→ **EXERCISE DESCRIPTION**:
In the data below, find the line containing "Speedy became a" and the line containing "Арт. 111925115 ДОМ", then reproduce them and every line between, exactly. Omit pictures.

→ **RAW DATA**:
________________
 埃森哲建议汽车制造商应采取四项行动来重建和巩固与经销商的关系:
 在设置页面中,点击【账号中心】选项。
________________
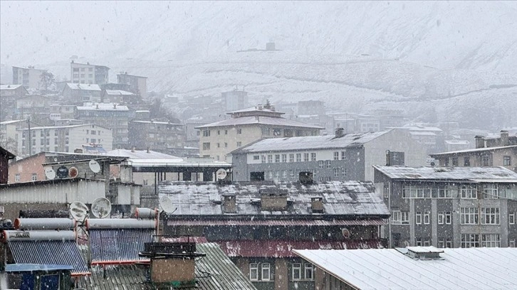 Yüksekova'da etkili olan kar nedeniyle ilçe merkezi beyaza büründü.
________________
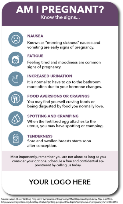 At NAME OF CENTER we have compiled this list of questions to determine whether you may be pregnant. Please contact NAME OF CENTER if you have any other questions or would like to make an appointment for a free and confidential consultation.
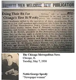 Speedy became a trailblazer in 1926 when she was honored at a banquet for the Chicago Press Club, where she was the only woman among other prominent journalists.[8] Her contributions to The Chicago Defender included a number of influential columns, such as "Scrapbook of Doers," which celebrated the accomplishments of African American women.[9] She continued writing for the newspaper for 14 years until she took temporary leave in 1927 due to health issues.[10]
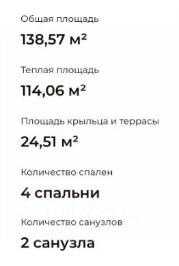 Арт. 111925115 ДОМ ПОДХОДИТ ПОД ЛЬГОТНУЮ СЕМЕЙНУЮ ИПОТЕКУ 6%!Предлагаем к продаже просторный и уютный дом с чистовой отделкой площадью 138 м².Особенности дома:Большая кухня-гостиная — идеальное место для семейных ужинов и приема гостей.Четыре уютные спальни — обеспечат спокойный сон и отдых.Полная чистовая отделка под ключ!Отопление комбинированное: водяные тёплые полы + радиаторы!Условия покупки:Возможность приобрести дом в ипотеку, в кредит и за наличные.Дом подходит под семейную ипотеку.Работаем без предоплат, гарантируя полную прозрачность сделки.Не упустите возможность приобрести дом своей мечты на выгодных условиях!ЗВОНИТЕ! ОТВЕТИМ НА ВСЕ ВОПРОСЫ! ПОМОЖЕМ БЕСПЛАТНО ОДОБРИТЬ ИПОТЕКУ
________________
→ **TASK ANSWER**:
 Speedy became a trailblazer in 1926 when she was honored at a banquet for the Chicago Press Club, where she was the only woman among other prominent journalists.[8] Her contributions to The Chicago Defender included a number of influential columns, such as "Scrapbook of Doers," which celebrated the accomplishments of African American women.[9] She continued writing for the newspaper for 14 years until she took temporary leave in 1927 due to health issues.[10]
 Арт. 111925115 ДОМ ПОДХОДИТ ПОД ЛЬГОТНУЮ СЕМЕЙНУЮ ИПОТЕКУ 6%!Предлагаем к продаже просторный и уютный дом с чистовой отделкой площадью 138 м².Особенности дома:Большая кухня-гостиная — идеальное место для семейных ужинов и приема гостей.Четыре уютные спальни — обеспечат спокойный сон и отдых.Полная чистовая отделка под ключ!Отопление комбинированное: водяные тёплые полы + радиаторы!Условия покупки:Возможность приобрести дом в ипотеку, в кредит и за наличные.Дом подходит под семейную ипотеку.Работаем без предоплат, гарантируя полную прозрачность сделки.Не упустите возможность приобрести дом своей мечты на выгодных условиях!ЗВОНИТЕ! ОТВЕТИМ НА ВСЕ ВОПРОСЫ! ПОМОЖЕМ БЕСПЛАТНО ОДОБРИТЬ ИПОТЕКУ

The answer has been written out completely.